Considering that moving house has demanded so much of my attention during the last 20 days, it really ought to be more interesting. It’s not. Nor has it left me any energy to watch and/or think about film, especially because the Olympics sucked up what tiny portions of my brain space were left over from those daily visits to hardware stores. (A former student of mine won two gold medals!)

In short: moving necessitates that you enter a mental void. And now writing the syllabus has likewise become engrossing yet utterly, impossibly, boring.

Worse, it’s hard to get back on the blogging horse. My RSS feed contains so many hundreds of unread posts such that I’m considering just marking them all as “read” and starting afresh.
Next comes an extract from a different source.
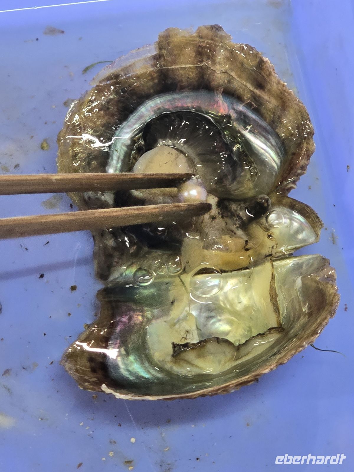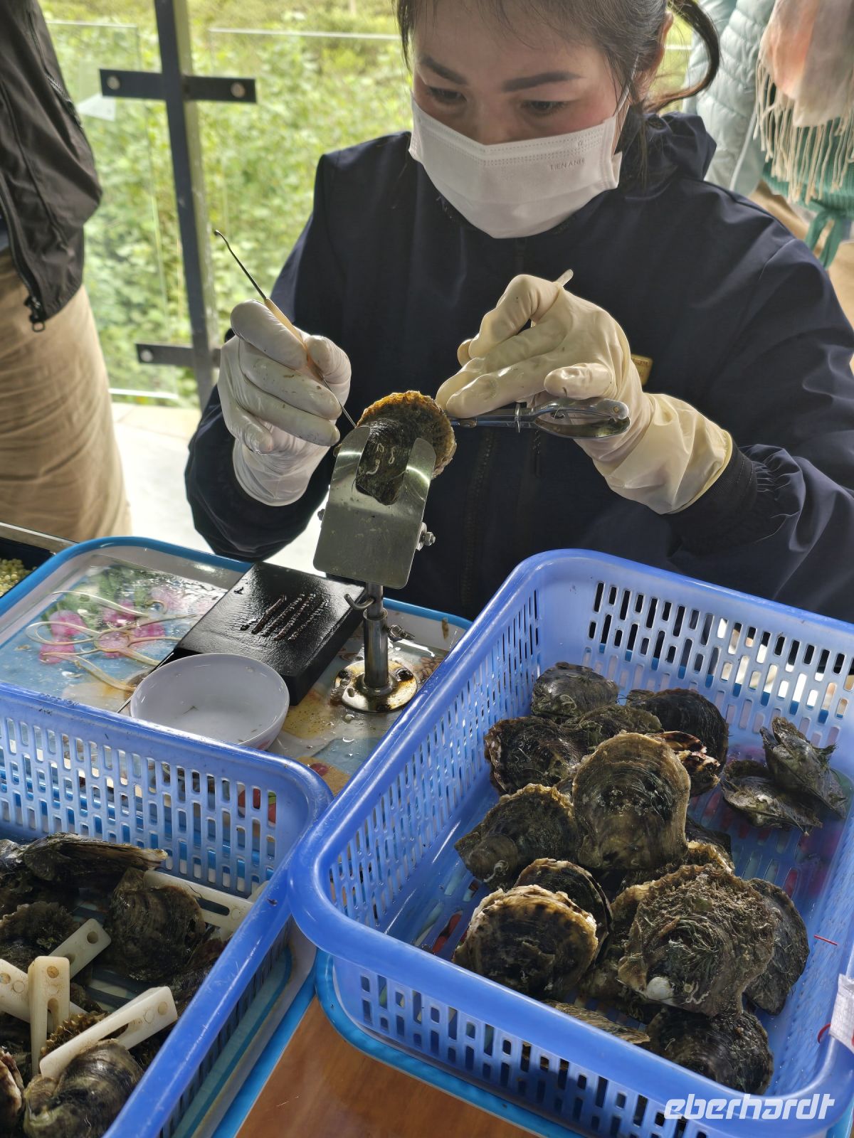 Während der Fahrt erkläre uns Chau die die einzelnen Stadtzentren die sich in der Peripherie von Hanoi, wie unabhängige Zentren neben der Metropole angesiedelt haben. In Richtung, Ha-Long Bucht kommen machen wir kleine Stopps. An einer Seidenspinner Fabrik, die die Herstellung des Stoffes vom Seidencocoon, das Trennen der super feinen Fäden bis zum Weben des Seidenstoffe zeigt. Und wenn die Kunden schon mal im Laden sind, dann wird das Angebot mit einem Süßigkeiten Outlet noch erweitert. Aber für uns war das passend, wir konnten dort einen Toilettenstopp machen und über die Fülle des Angebots staunen. Dann gings weiter und wir kamen für den nächsten Stopp zu einer Perlenzucht. Dort werden nach Japanischem Prinzip, kleine Fragmente, kleine Körnchen. in lebendige Muscheln eingesetzt. Dafür muss die natürliche Dichtung der Muschel aufgebrochen werden und nachher wieder geschlossen und diese Muscheln werden dann in Körben im Meer ausgesetzt und nach 2 bis 3 Jahren, je nach gewünschter Perlengröße auch teilweise erst nach 6 Jahren, hat man dann pro Muschel 2 oder 3 schöne Perlen. Wenn sie einen Durchmesser von ca. 10 mm haben, dann haben diese Perlen einen Preis über 1000 Euro. Es war schön hier reinzuschauen, aber kaufen wollten wir dann doch keine Perlen.

My thoughts on the wonderful Beasts of the Southern Wild haven’t cohered yet; and I’m so late to seeing Public Speaking, the terrific documentary about Fran Liebowitz (truly the modern-day Dorothy Parker; she makes me scream with delight at some of her statements) … do I really have anything to add?
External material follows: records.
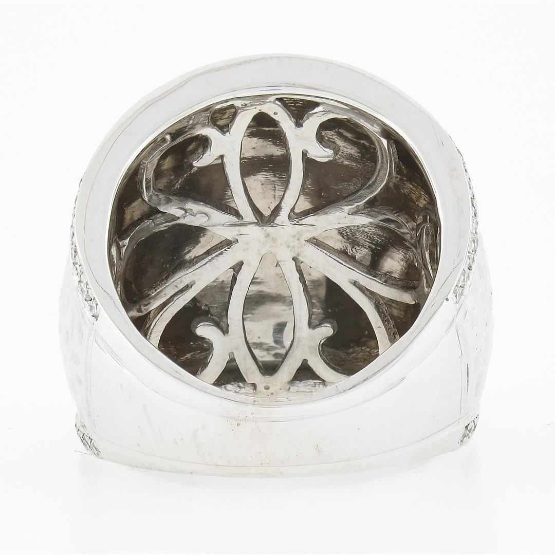 A solid 14k white gold wide hammered finish band ring, with 78 round brilliant cut natural diamonds (G/H - VS1/VS2 ; 0.39ctw). The ring is size 7.5, weighs a total of 16.17 grams, and measures 23.1mm wide.
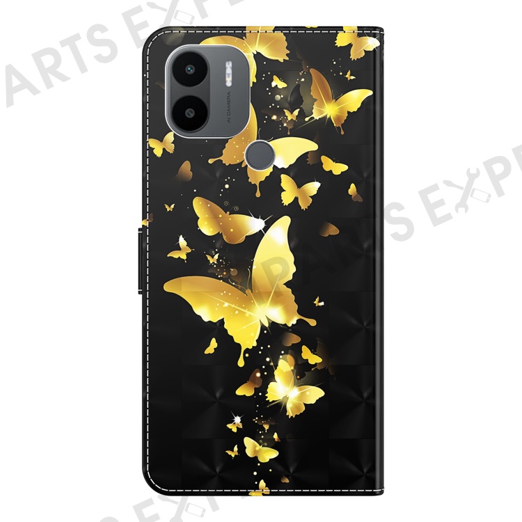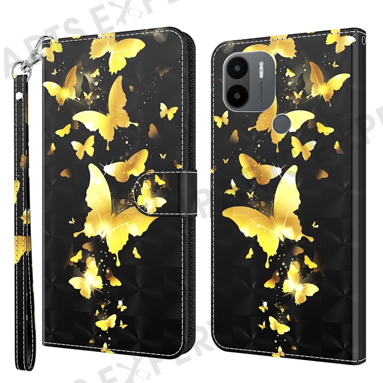 For Xiaomi Redmi A1 4G / A2 4G 3D Pattern Printing Wallet Phone Case PU Leather Wrist Strap Handbag Stand Feature Magnetic Flip Cover - Golden Butterflies
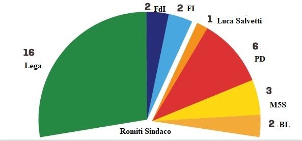 Come evidenziato dal grafico in caso di vittoria di Andrea Romiti, 16 consiglieri comunali andrebbero alla Lega, 2 a Fratelli d’Italia e 2 a Forza Italia. All’opposizione andrebbe il candidato sindaco sconfitto al ballottaggio Luca Salvetti (Casa Livorno), 6 consiglieri al PD, 3 consiglieri al Movimento 5 Stelle e 2 a Buongiorno Livorno
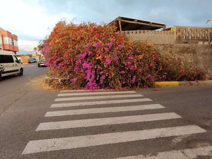 Los habituales tertulianos se han quedado sin el cobijo de este bello ejemplar de buganvilla y desde el departamento de Parques y Jardines que lleva el edil Álvaro Monzón (MxT) se ha programado para el próximo lunes una intervención para retirar lo que queda de la enredadera, una acción que requiere de varios permisos, entre ellos de Tráfico para poder ocupar la vía pública con la maquinaria.
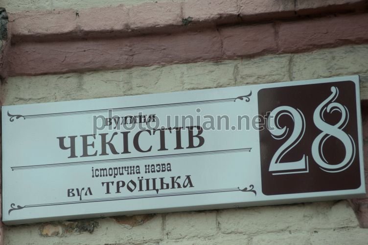 Табличка з назвою вулиці під час презентації адресних табличок з історичними назвами вулиць так званого старого Олександровська (Жовтневий район), у Запоріжжі, в четвер, 13 лютого 2014 р. Разом з діючою назвою вулиці на нових табличках буде вказана перша, історична, назва вулиці. Таблички виконані в стилі початку XX ст. Історичні назви вже з'явилися на вулицях Чекістів (раніше - Троїцька) і Дзержинського (Олександровська). Фото Олександра Прилепи / УНІАН
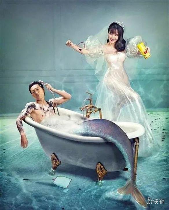 还有加入了特效的“美人鱼”风婚纱照,这画风比很多五毛特效电影来的都好。
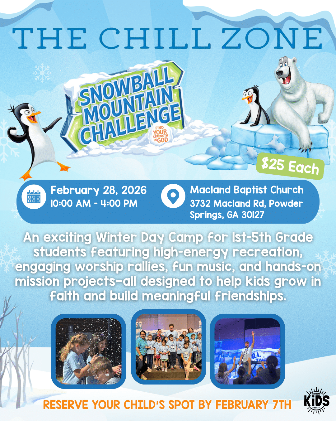 Join us Saturday, February 28 from 10:00 AM – 4:00 PM at Macland Baptist Church in Powder Springs, GA. This event is for 1st–5th Grade; cost is $25 per child.
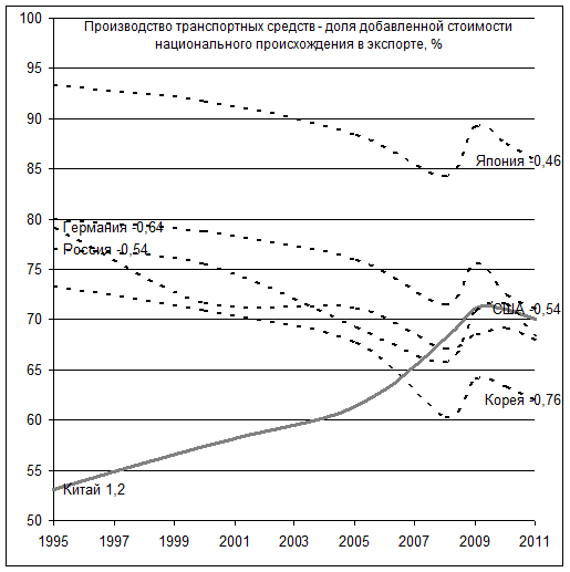 К примеру, Китай смог добиться столь продолжительного экономического роста благодаря постоянному повышения уровня локализации в экспорто-ориентированных отраслях (см. рис. 5).
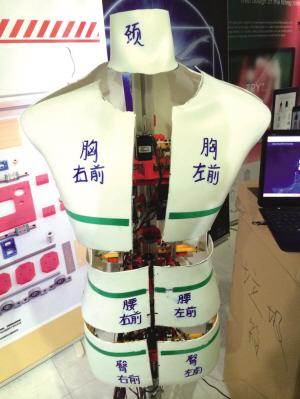 周同学说,这只是雏形,要投入正式运用,还要进一步完善。比如,他们正在考虑在肩膀部分也设置一个活动的外壳,这样在试衣时可以看到衣服跟肩膀是不是合适。也会做得更加精密、美观,而不是像现在这样,电线裸露,零件都是手工制作的。
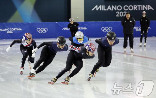 (진천=뉴스1) 김용빈 기자 = 쇼트트랙 국가대표 선수들이 동계올림픽 개막 14일 전인 23일 충북 진천국가대표선수촌 빙상장에서 훈련하고 있다. 2026.1.23/뉴스1vin06@news1.krCopyright ⓒ 뉴스1. All rights reserved. 무단 전재 및 재배포, AI학습 이용 금지.
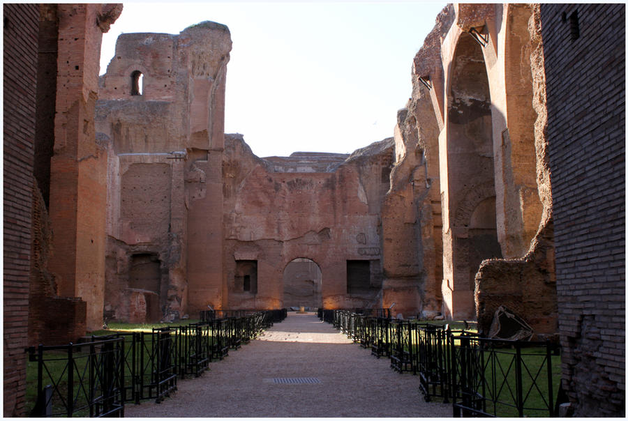 The Baths required another hop on the bus, and we misinterpreted the stop we needed due to a road that carried the same name. After quite a walk, we thought we found the entrance, just to walk allllllll the way around the baths first. The long way round wasn't all in vain though, as one side was up a hill that had a decent view over the ruins. Once inside though, we went right into the enormous main bath facility. Much of it no longer has any roof or ceilings, but we got to see some of the still-colorful mosaic floors and much of the superstructure walls still stand. Herr was keen on this building as two railway stations in the U.S. were modeled after it (although only half of one still exists, whereas this does). By then, I wasn't sure how I was still walking. We found a metro not too far away and looked for a restaurant all over the main train terminal. We mostly stumbled to our apartment after eating.
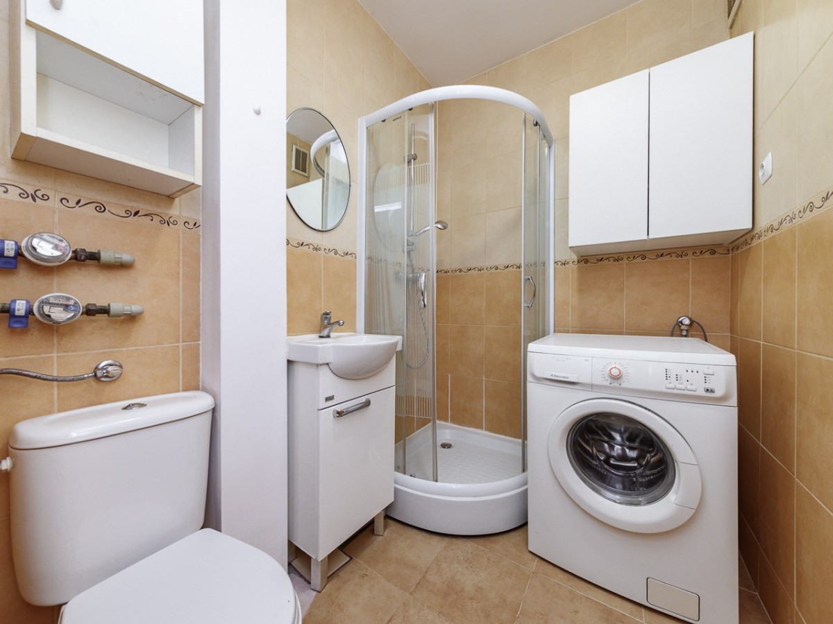 - ustawna kompaktowa łazienka z wc, w której zainstalowano m.in kabinę prysznicową, umywalkę oraz wyposażono w pralkę,

Last night despite my exhaustion I actually made it through all 103 wonderful minutes of Footnote, the Israeli black comedy about a father and son, both Talmudic scholars in the same department at Hebrew University. The son’s success and popularity as an intellectual — and his father’s deep-seated competitiveness and rage at being overlooked for prizes and academic rewards — were perfectly captured and utterly cringe-making. Anyone who wants to enter a Ph.D. program should see this film and consider themselves warned.

The film shows not only the supposed philosophical debates that often undergird animosities between academics, but also the ways those debates lead scholars to exact revenge on one another in the meanest, most petty of ways. The film’s director, Joseph Cedar, captures that awfulness with such precision that I spent a good amount of time trying to figure out whether he’s an academic himself — only to learn that his father was a biochemist at Hebrew University.
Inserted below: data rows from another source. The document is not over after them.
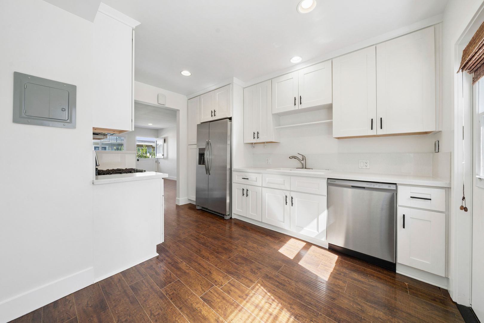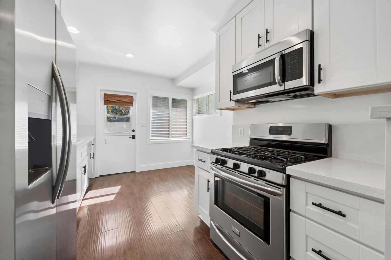Located in the desirable Newport Heights neighborhood, this charming two-bedroom residence offers a bright and inviting living space with beautiful hardwood flooring and abundant natural light throughout. The thoughtfully updated kitchen features crisp white cabinetry, stainless steel appliances, and a brand-new refrigerator, providing both style and functionality for everyday living. The home also includes built-in storage cabinetry in the hallway along with a convenient built-in desk—perfect for a small workspace or organization area. Both bedrooms feature classic wainscoting accents and mirrored closet doors, adding character while enhancing light and space. Step outside to a large, private backyard, ideal for relaxing, entertaining, or enjoying outdoor dining. Additional highlights include a single-car garage and convenient washer and dryer hook-ups. With its tasteful upgrades, functional features, and prime Newport Heights location, this residence offers a wonderful blend of comfort and charm.
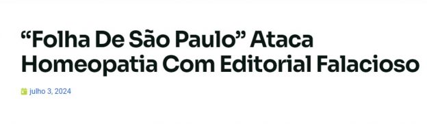 Reiterando sua postura editorial preconceituosa contra a Homeopatia, a “Folha de São Paulo” publicou Editorial falacioso criticando a especialidade médica (“Gasto nada homeopático”, 03/07/24), como o faz, de tempos em tempos, em diversas matérias sensacionalistas. Prova desse viés anti- homeopatia do jornal é que ele só publica artigos contrários à especialidade (estratégia pseudocética e pseudocientífica), embora receba, constantemente, diversos releases de estudos que “comprovam as evidências científicas da homeopatia” e que demonstram que “homeopatia não é efeito placebo”.
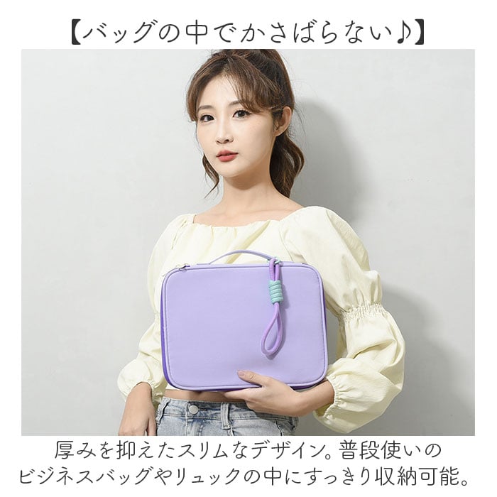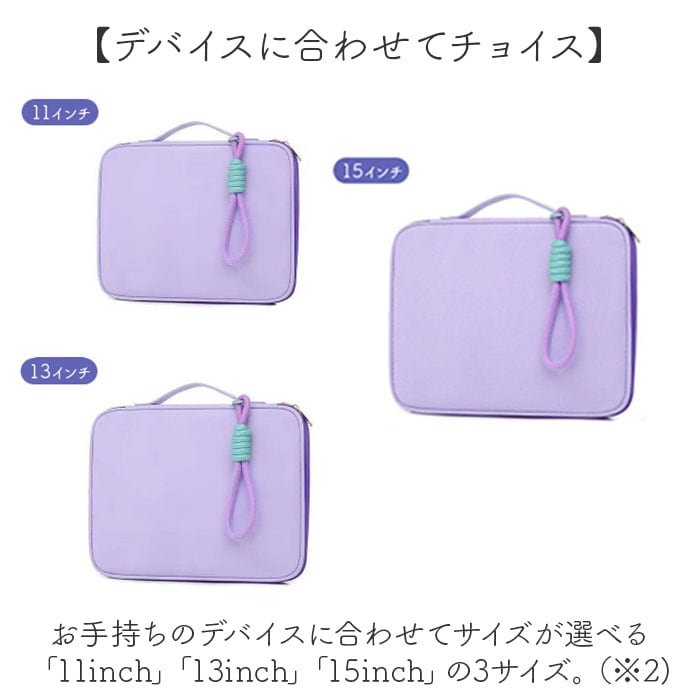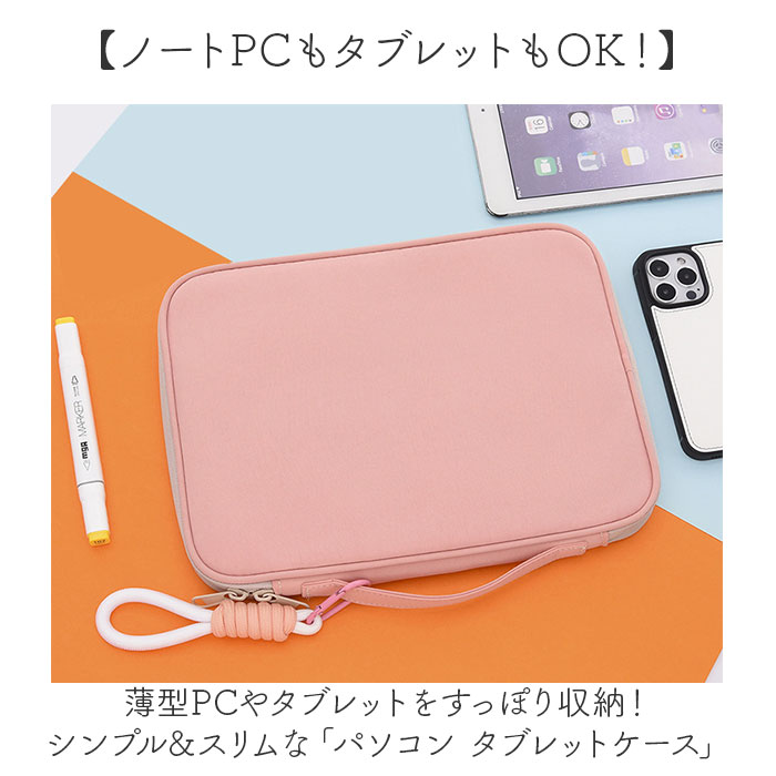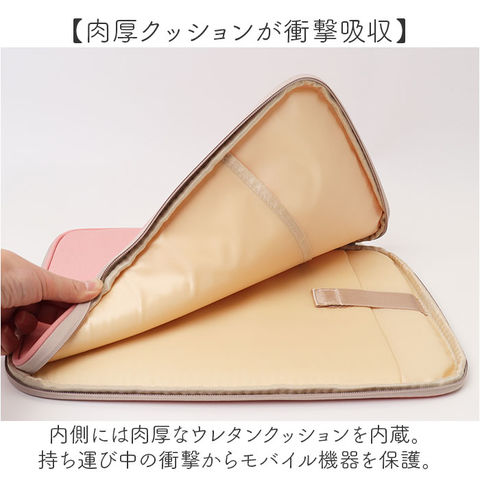| 商品説明 | 【ノートPCもタブレットもOK!】薄型PCやタブレットをすっぽり収納!シンプル&スリムな「パソコン タブレットケース」【バッグの中でかさばらない♪】厚みを抑えたスリムなデザイン。普段使いのビジネスバッグやリュックの中にすっきり収納可能。【機器の取り出しがスムーズ】開口部は側面まで大きく開くダブルファスナーを採用し、PCやタブレットの取り出しがスムーズ。【肉厚クッションが衝撃吸収】内側には肉厚なウレタンクッションを内蔵。持ち運び中の衝撃からモバイル機器を保護。【便利なポケット】イヤホンや電源ケーブルなど周辺機器をまとめて収納できるファスナーポケット付き。【ペン差しループ付き】メインルームの中央に、ボールペンやタブレットペンを収納できるペン差しループも搭載。【手提げ&ストラップの2WAY】サイドに持ち手付きだからバッグ単体で持ち運びOK!カラビナで取り外しできるストラップ付き。【雨の日も安心・はっ水加工】外側の生地ははっ水コーティング加工済み。雨粒を弾くので、雨の日の持ち歩きも安心!(※1)水滴がかかってから長時間そのままにしておくと、水が染みこむことがございます。濡れたらすぐに乾いた布で拭き取るようにしてください。【デバイスに合わせてチョイス】お手持ちのデバイスに合わせてサイズが選べる「11inch」「13inch」「15inch」の3サイズ。(※2)お手持ちの機器のサイズをよくご確認の上、ご購入ください。【合わせやすいシンプルカラー】配色がおしゃれなベーシック&かわいいパステルカラーを中心にラインナップ。 |

Which makes me think: considering how many wonderful satirical academic novels there are (James Hynes’ Publish and Perish, Randall Jarrell’s Pictures from an Institution, David Lodge’s Small World, Richard Russo’s Straight Man, Jane Smiley’s Moo, Francine Prose’s Blue Angel: A Novel (P.S.), Mary McCarthy’s The Groves of Academe, and so many others) — why aren’t there any satirically academic films about the horrors of professorial life? Footnote is the only one I can think of.

Okay, back to moving boxes. And taking some trips to the very cool LGBT thrift store to drop off boxes of stuff we shouldn’t have brought with us. And resisting the impulse to buy things at this very nicely stocked thrift store.